# Onsite Day 3 CES report



## hdtvfan0001 (Jul 28, 2004)

CES 2011 Roundup – Saturday January 8, 2011

Day Three on-site at CES…still tons to see. 

It was also the last day here for a number of us DBSTalkers – hard to believe that 3 days is not enough to see everything, but that’s the sad fact – thousands of exhibits and thousands of gadgets and new technology to “inspect’ and admire.

Several of us made 2nd visits to a few places…along with new locations.
What is clear is that with over 200 photos, tons of printed material, and loads of information…getting a report done today with substance will be impossible.

Therefore…we’ll have to do more specific reports when we get back. Not to worry…we say plenty and have info and photos to share.

A few closing observations today – 3D HD products were present at a rate 2-3 times what they were last year….nothing close to dead…still growing. There were 3D laptops, non-glasses 3D HD….etc. There were also tons of networked (wired and wireless) and mobile applications. A few photos below.

Tonight – RichieRich and I got the chance to take a cab ride over to see a favorite comedian in action on stage at the Monte Carlo Theater – Frank Caliendo. Yes…he’s the same guy who does all the celebrity impressions on Fox NFL Sunday. This was a great way to end CES this year.


----------



## Hutchinshouse (Sep 28, 2006)

Thanks for all the cool info. Looking forward to the other pics too. Win a jackpot tonight!


----------



## JoeTheDragon (Jul 21, 2008)

hdtvfan0001 said:


> CES 2011 Roundup - Saturday January 8, 2011
> 
> Day Three on-site at CES&#8230;still tons to see.
> 
> ...


I don't want to have put glass on to have use a 3D laptop.

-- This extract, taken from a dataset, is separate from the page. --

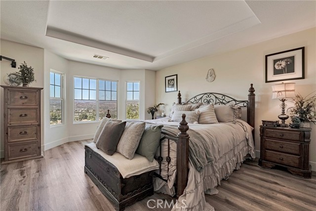 Welcome to 19639 Ellis Henry Court — a hillside masterpiece tucked inside the exclusive gated community of Canyon Gate in Newhall. This 4-bedroom, 3-bathroom Tuscan-inspired retreat spans approximately 2,476 sq. ft. of refined living space, blending timeless design with modern comfort. Step through the doors and instantly feel the warmth of this home's Mediterranean soul — vaulted ceilings, Venetian plaster walls, and luxury waterproof wood flooring set the stage for everyday elegance. The open-concept kitchen is both stylish and functional, featuring quartz countertops, an oversized island with sink, recessed lighting, and a cozy breakfast nook framed by breathtaking 180° panoramic views of the Santa Clarita Valley. The living room, anchored by a beautiful fireplace, invites effortless gatherings and quiet evenings alike. Upstairs, the primary suite is your sanctuary — wake up to endless views that stretch across the valley and soak in the serenity that only hillside living can provide. Outside, the backyard becomes your private oasis, perfectly designed for entertaining or simply taking in the sunset. A dedicated laundry room adds convenience, while community amenities like secured gated entry and a sparkling pool enhance the resort-style feel. Located minutes from Golden Valley Plaza, top-rated schools, dining, and freeway access, this home offers both luxury and lifestyle. If you've been searching for a turnkey home with character, comfort, and unmatched views — you've found it. Welcome home to Canyon Gate.

and if you get a chance go to the MGM and play Sigma Derby.


----------



## Drucifer (Feb 12, 2009)

Were there any Segways on the floor? Could they be rented?

Inquiring because of my diabetes, I'm limited to the amount of walking I can do.


----------



## hdtvfan0001 (Jul 28, 2004)

Drucifer said:


> Were there any Segways on the floor? Could they be rented?
> 
> Inquiring because of my diabetes, I'm limited to the amount of walking I can do.


Saw a few...security mostly.


----------



## BobaBird (Mar 31, 2002)

Not exactly a Segway, but how about this 2-seat commuter concept for highly congested cities?


----------



## hdtvfan0001 (Jul 28, 2004)

BobaBird said:


> Not exactly a Segway, but how about this 2-seat commuter concept for highly congested cities?


Oops....mistook that for a Jetson's Port-a-Potty....*now *you tell me....


----------



## LoopinFool (Sep 1, 2007)

BobaBird said:


> Not exactly a Segway, but how about this 2-seat commuter concept for highly congested cities?


I watched just a tiny bit of Leo Laporte's CES coverage and caught him getting a demo of that beauty.

It is, in part, a Segway because they either licensed technology from them or it was a joint venture. I don't remember which.

- LoopinFool


----------



## hdtvfan0001 (Jul 28, 2004)

LoopinFool said:


> I watched just a tiny bit of Leo Laporte's CES coverage and caught him getting a demo of that beauty.
> 
> It is, in part, a Segway because they either licensed technology from them or it was a joint venture. I don't remember which.
> 
> - LoopinFool


Always liked Leo - he makes tech fun.

This would have seemed right up his alley (pun intended).


----------



## Stuart Sweet (Jun 19, 2006)

It's an interesting concept but I wonder about safety issues.


----------



## hdtvfan0001 (Jul 28, 2004)

Stuart Sweet said:


> It's an interesting concept but I wonder about safety issues.


For sure...certain any kind of 20 MPH or higher accident situation would not end up pretty.


----------



## Drucifer (Feb 12, 2009)

Boring.

Been reading for days now, and not one item has my mouth watering. Maybe it's my age, but nothing got me excited. It appeared this years CES was all about slight improvements in existing gadgetry. Yeah some of these improvements sound good, but they didn't satisfy my need to see something NEW!


----------



## hdtvfan0001 (Jul 28, 2004)

Drucifer said:


> Boring.
> 
> Been reading for days now, and not one item has my mouth watering. Maybe it's my age, but nothing got me excited. It appeared this years CES was all about slight improvements in existing gadgetry. Yeah some of these improvements sound good, but they didn't satisfy my need to see something NEW!


If one was there in person, one might have a different view. 

My 4 reports were only a single attendee's view...there were others. Not sure what everyone will be sharing...but between the 30+ photos and information I submitted...kinda figured some people might just have some interest.

Many attendees left for home quite pumped on all sorts of topics. My only shortfall was that I didn't get to see everything on my list...likely even 1 more day still would have not solved that issue. :lol:

Different stuff floats different boats.


----------



## BobaBird (Mar 31, 2002)

The EKB report featuring Dish Network and Sling, along with a number of other things that caught my eye, is as complete as it's going to get.
http://www.dishuser.org/ces2011.php


----------



## hdtvfan0001 (Jul 28, 2004)

BobaBird said:


> The EKB report featuring Dish Network and Sling, along with a number of other things that caught my eye, is as complete as it's going to get.
> http://www.dishuser.org/ces2011.php


We certainly saw 95% of that all too....but chose to only report on the DirecTV side of the house here... 

We got a private demo tour in the Dish booth...took some photos too.

It's always interesting to learn and compare.


----------